What the task requires ->
From the listing below, restate word for word the lines from the line containing "1、提供兩個USR-BLE1" down through the line containing "青💙い空に映えて咲き誇る河津". Exclude pictures.

Data for review ->
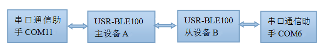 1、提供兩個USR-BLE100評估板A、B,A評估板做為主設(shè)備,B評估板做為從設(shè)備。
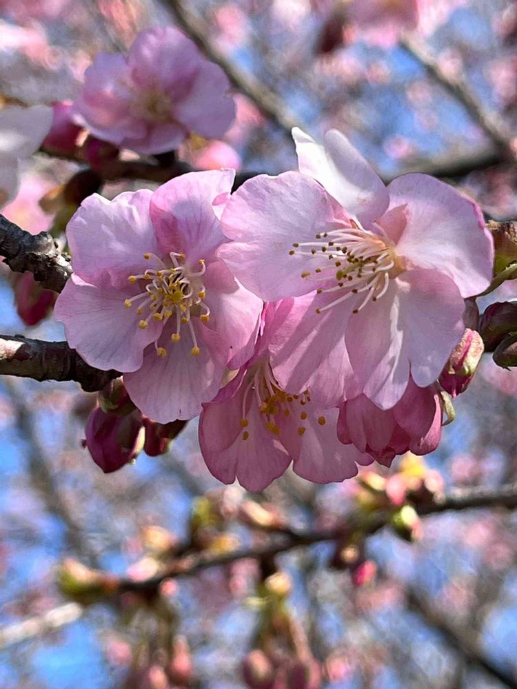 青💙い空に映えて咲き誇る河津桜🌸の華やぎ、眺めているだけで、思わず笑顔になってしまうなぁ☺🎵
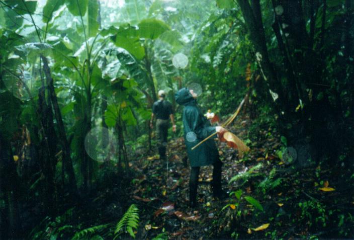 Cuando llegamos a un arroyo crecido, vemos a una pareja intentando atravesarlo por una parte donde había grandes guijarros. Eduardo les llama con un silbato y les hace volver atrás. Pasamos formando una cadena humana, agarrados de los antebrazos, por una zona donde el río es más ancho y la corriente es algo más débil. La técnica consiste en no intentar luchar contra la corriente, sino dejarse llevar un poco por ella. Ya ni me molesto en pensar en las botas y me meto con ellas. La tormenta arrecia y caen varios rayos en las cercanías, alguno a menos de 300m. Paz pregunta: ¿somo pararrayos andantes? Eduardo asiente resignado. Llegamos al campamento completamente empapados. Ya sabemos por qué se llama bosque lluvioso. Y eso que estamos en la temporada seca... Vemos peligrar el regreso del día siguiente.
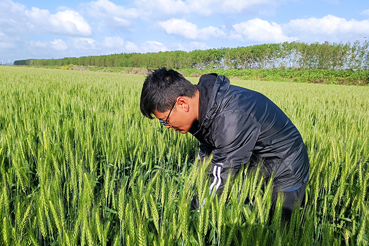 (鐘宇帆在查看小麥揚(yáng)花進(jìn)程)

--

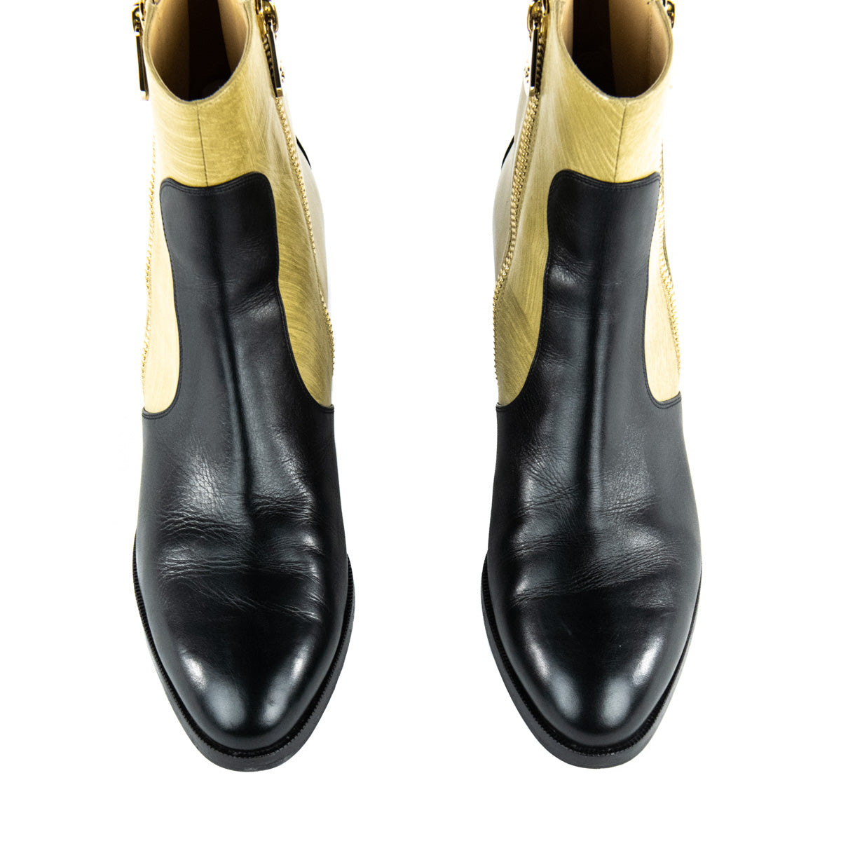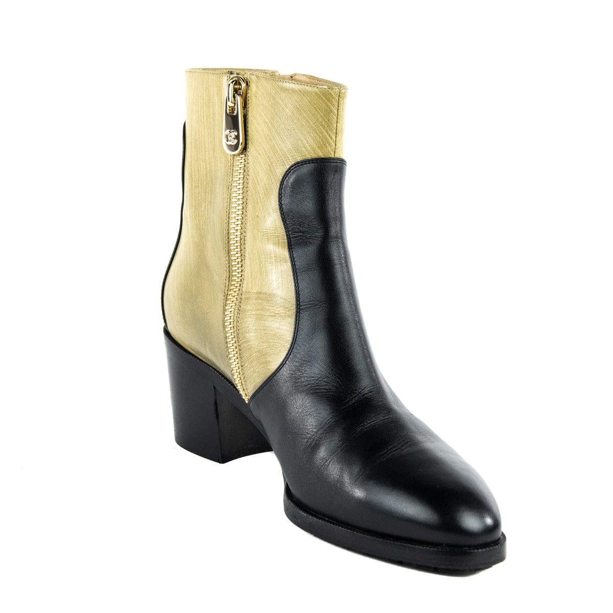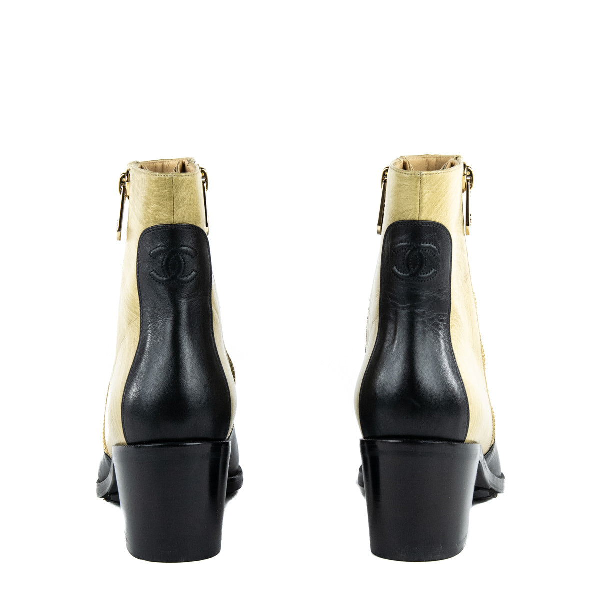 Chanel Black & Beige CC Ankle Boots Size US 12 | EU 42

...

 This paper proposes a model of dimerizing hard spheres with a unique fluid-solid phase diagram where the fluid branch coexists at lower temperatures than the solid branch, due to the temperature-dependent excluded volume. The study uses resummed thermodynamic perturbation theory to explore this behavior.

Finished task ->
 1、提供兩個USR-BLE100評估板A、B,A評估板做為主設(shè)備,B評估板做為從設(shè)備。
 青💙い空に映えて咲き誇る河津桜🌸の華やぎ、眺めているだけで、思わず笑顔になってしまうなぁ☺🎵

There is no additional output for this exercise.